The Ontology Project for Interactive Digital Narrative

We invite participants to the Games & Narrative workshop at ICIDS 2015 that serves as the start for the Ontology Project for Interactive Digital Narrative.

The half-day workshop is open to scholars, practitioners, students, artists and all the attendees of the ICIDS Conference on December 1, 2015.

Current research in Interactive Digital Narrative lacks methodologies enabling precise comparisons and categorizations across broad sets of artifacts. Analytical terminologies rooted in unilinear, non-interactive narrative criticism does not help, as evidenced by Aarseth’s (1997) contention that yet another re-interpretation of a term like “text” is inconsequential and Nitsche (2008) calls the current state of affairs in narratology “potentially confusing.” Consequently, as researchers in IDN routinely face the need to redefine the vocabulary they adopt, we observe the use of terms that are in part borrowed from game journalism, in part reinterpreting legacy concepts, and in part invented anew.

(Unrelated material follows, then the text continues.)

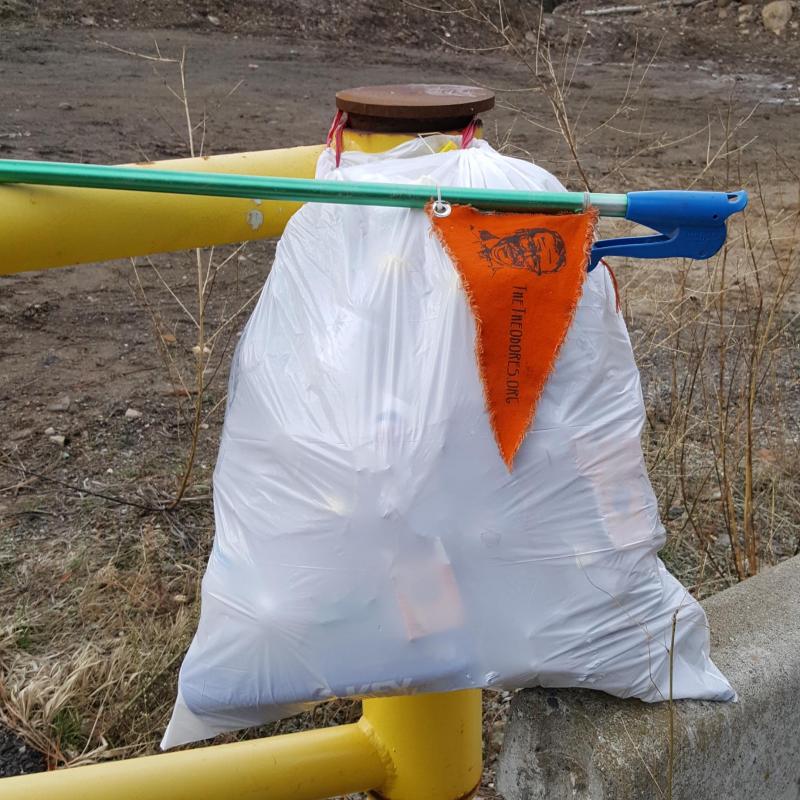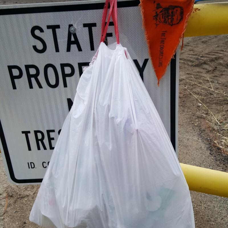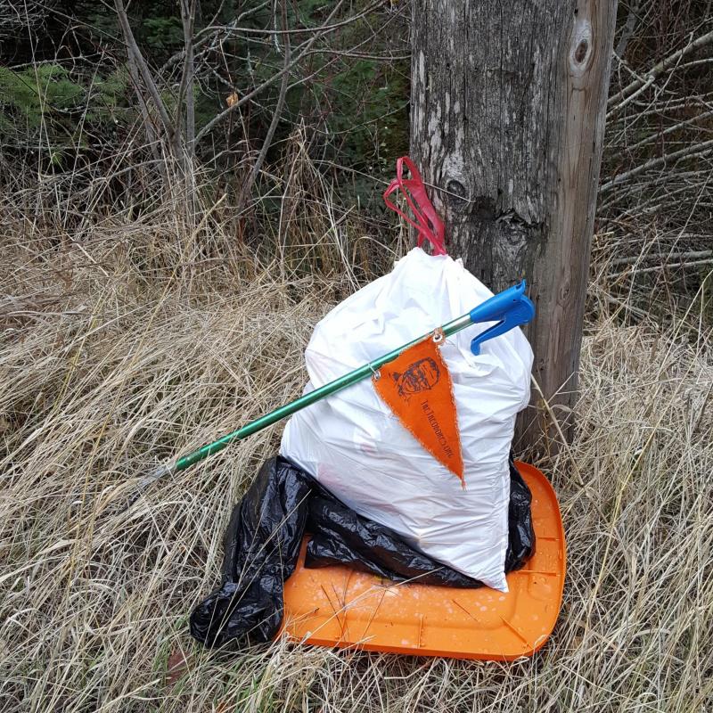 Litter pick up which was greatly Underestimated. the amount of trash left behind by inconsiderate citizens far exceeded my three bags for trash. Sadly the walk was only a half mile up the road and then back down the other side.

With this workshop we aim at discussing how constitutive elements of IDNs may be conceptualized and operationalized to allow a systematic description of a variety of artifacts according to shared specifications. Following up on a multi-year research initiative that has addressed a common vocabulary, narrative models and categorizations for the analysis and design of IDN artifacts, we believe that the field is now ready for a more stringent and formal approach based on ontologies. We are inspired also by similar efforts in the cognate field of game studies and game design (Zagal, Bruckman, 2008). As ontologies and specifications significantly multiply their usefulness with a broad acceptance in the community of researchers and designers, we aim a bootstrapping a shared process of categorization.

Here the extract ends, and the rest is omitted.